**Task goal:**
Copy out the whole listing exactly as given. Skip the pictures.

**Input material:**
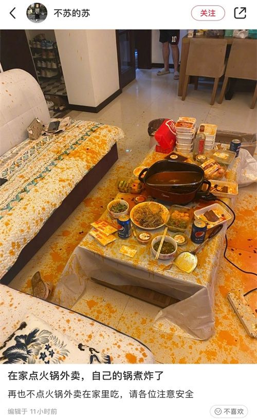 近日,#在家尽量别吃红油火锅#话题冲上微博热搜,点开一看令人咋舌,原来是一位网友在家自己煮红油火锅,结果发生了爆炸。从图片看一片狼藉,红油溅的到处都是,沙发上、餐桌上、白墙上都被染得橙黄。物品损失事小,高温的红油溅到人体上事大,可能一不小心就会烫伤。很多网友看完纷纷表示,再也不敢在家里吃火锅了。
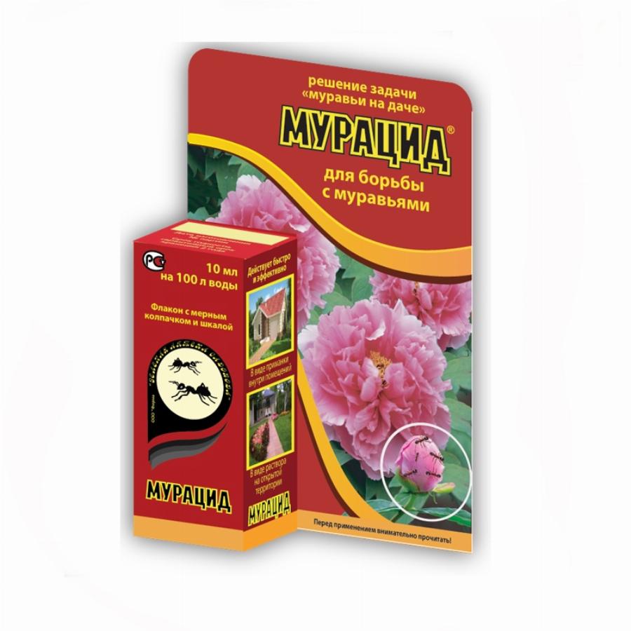 Эффективный инсектицид, обладающий сильным контактным и кишечным действием. Гибель муравьев наступает в течение 2-4 дней после обработки. Активность препарата сохраняется 2-3 месяца, поэтому на обработанных участках муравьи не устраивают новые гнезда. Мурацид обладает высокой эффективностью даже в холодную погоду при низких положительных температурах. Мурацид не причиняет никакого вреда растениям, дождевым червям и почвенной микрофлоре.
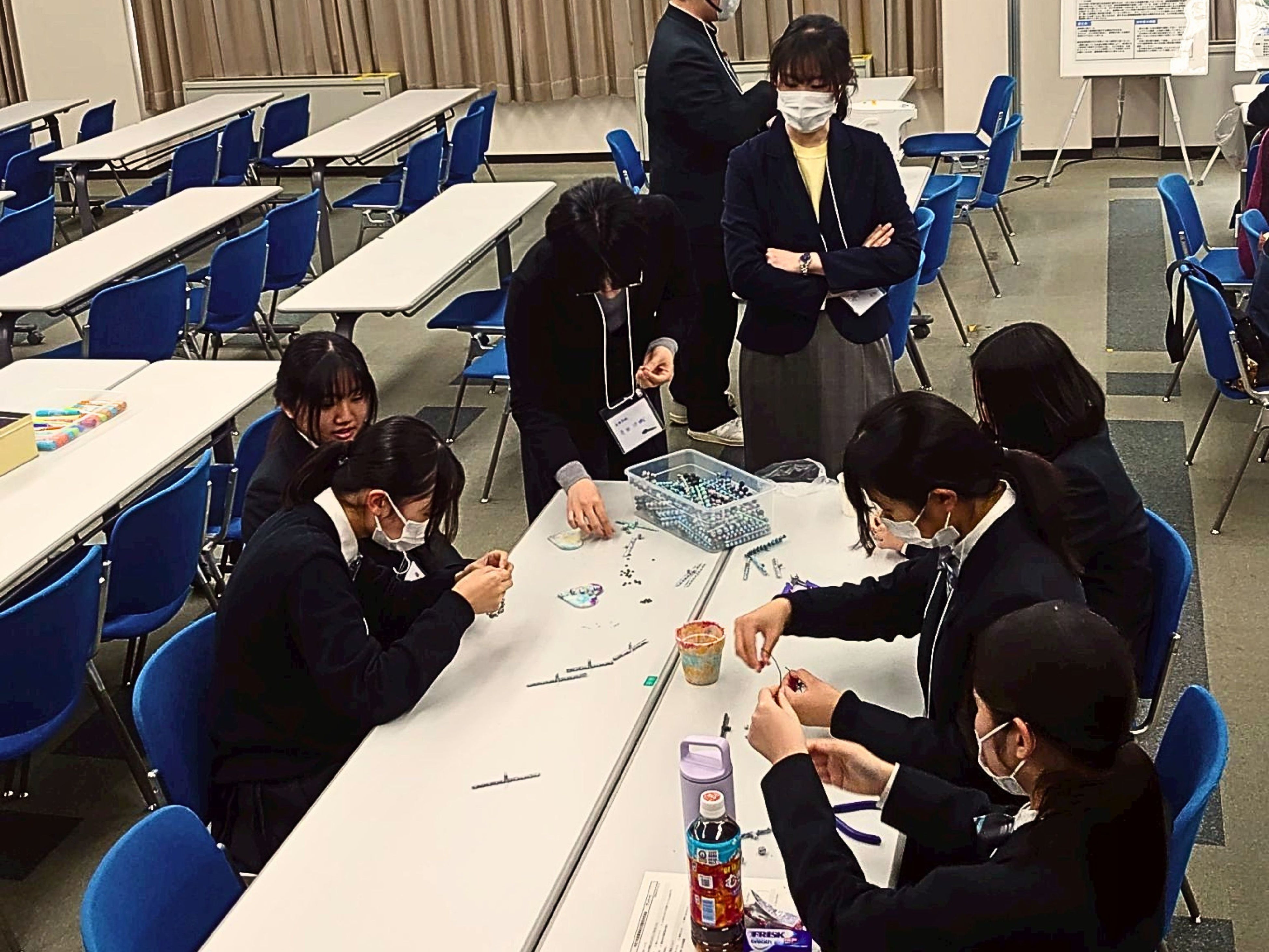 「希望の絵馬づくり」では廃ペットボトルキャップから作ったアップサイクル絵馬に未来への想いを綴り、ツリーに飾りました。「ビーズブレスレットづくり」ではアップサイクルビーズを使ったブレスレット制作を体験。参加した高校生たちも夢中で手を動かしました。
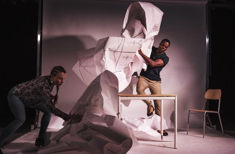 Johanna Mårtenssons scenografi förtjänar en särskild eloge. Fonden utgörs av en stor rulle vitt papper, som rullas ner och klipps av vid vissa scenbyten. Skådespelarna tecknar komiskt enkla skisser med ritkol av köksmöbler eller skogsmiljöer. Extra roligt blir det under svampturen där dottern hittar ”kantarellerna” i fonden och helt enkelt klipper ut bilden från pappret och lägger den i sin svampkorg. I ett annat minnesvärt ögonblick målar hon läpparna med röd whiteboardpenna, vilket möjligen kan tolkas som en kommentar kring gruvdriftens förgiftning av sina omgivningar.
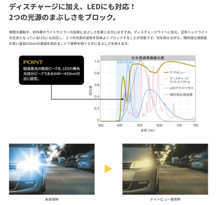 近年、車のヘッドライトがLED化していることもあり、夜間運転がまぶしいというお声を多く頂戴しております。
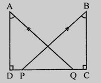 如圖所示,$AD \perp CD$ 且 $CB \perp CD$。如果 $AQ = BP$ 且 $DP = CQ$,證明 $\angle DAQ = \angle CBP$。

**Answer to this problem:**
 近日,#在家尽量别吃红油火锅#话题冲上微博热搜,点开一看令人咋舌,原来是一位网友在家自己煮红油火锅,结果发生了爆炸。从图片看一片狼藉,红油溅的到处都是,沙发上、餐桌上、白墙上都被染得橙黄。物品损失事小,高温的红油溅到人体上事大,可能一不小心就会烫伤。很多网友看完纷纷表示,再也不敢在家里吃火锅了。
 Эффективный инсектицид, обладающий сильным контактным и кишечным действием. Гибель муравьев наступает в течение 2-4 дней после обработки. Активность препарата сохраняется 2-3 месяца, поэтому на обработанных участках муравьи не устраивают новые гнезда. Мурацид обладает высокой эффективностью даже в холодную погоду при низких положительных температурах. Мурацид не причиняет никакого вреда растениям, дождевым червям и почвенной микрофлоре.
 「希望の絵馬づくり」では廃ペットボトルキャップから作ったアップサイクル絵馬に未来への想いを綴り、ツリーに飾りました。「ビーズブレスレットづくり」ではアップサイクルビーズを使ったブレスレット制作を体験。参加した高校生たちも夢中で手を動かしました。
 Johanna Mårtenssons scenografi förtjänar en särskild eloge. Fonden utgörs av en stor rulle vitt papper, som rullas ner och klipps av vid vissa scenbyten. Skådespelarna tecknar komiskt enkla skisser med ritkol av köksmöbler eller skogsmiljöer. Extra roligt blir det under svampturen där dottern hittar ”kantarellerna” i fonden och helt enkelt klipper ut bilden från pappret och lägger den i sin svampkorg. I ett annat minnesvärt ögonblick målar hon läpparna med röd whiteboardpenna, vilket möjligen kan tolkas som en kommentar kring gruvdriftens förgiftning av sina omgivningar.
 近年、車のヘッドライトがLED化していることもあり、夜間運転がまぶしいというお声を多く頂戴しております。
 如圖所示,$AD \perp CD$ 且 $CB \perp CD$。如果 $AQ = BP$ 且 $DP = CQ$,證明 $\angle DAQ = \angle CBP$。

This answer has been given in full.